Charlesworth merkte op dat er grotere verschuivingen worden gezien in expliciete vooroordelen, met name die over handicaps, die met 37 procent zijn gedaald. Ze zei dat het mogelijk is, gezien de lange stabiliteit in impliciete vooroordelen over handicaps, dat expliciete vooroordelen grotendeels zouden kunnen verdwijnen voordat de impliciete vooroordelen substantieel wijken.

Nieuwe gegevens laten zien dat het, op basis van de snelheid van bewegingen in het verleden, waarschijnlijk meer dan 200 jaar zal duren voordat impliciete vooroordelen over handicaps neutraliteit bereiken.
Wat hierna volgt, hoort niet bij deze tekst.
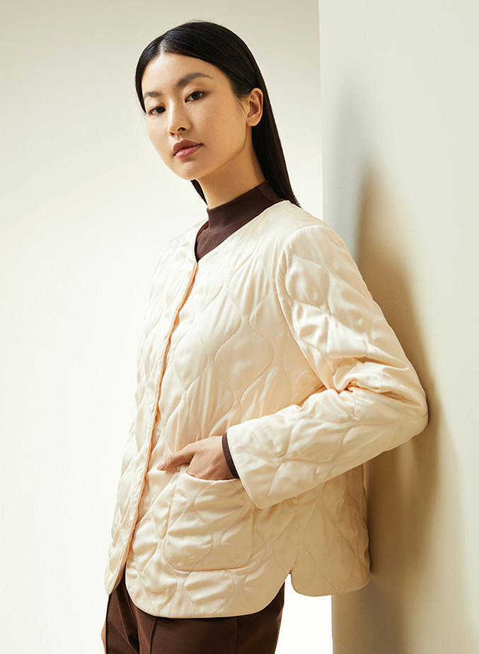 精致的小圆领,展露出脖子一段曲线,简约利落。衬得脸部轮廓更加柔和,打造一种温柔感性的感觉。

Onderzoekers maken prognoses met behulp van voorspellingstechnieken die vergelijkbaar zijn met die welke worden gebruikt bij het voorspellen van aandelenmarkten of het weer. Charlesworth merkte daarentegen op dat de veranderde houding ten aanzien van seksuele geaardheid al heel dicht bij het punt komt waarop respondenten homo zijn niet associëren met slecht en hetero met goed.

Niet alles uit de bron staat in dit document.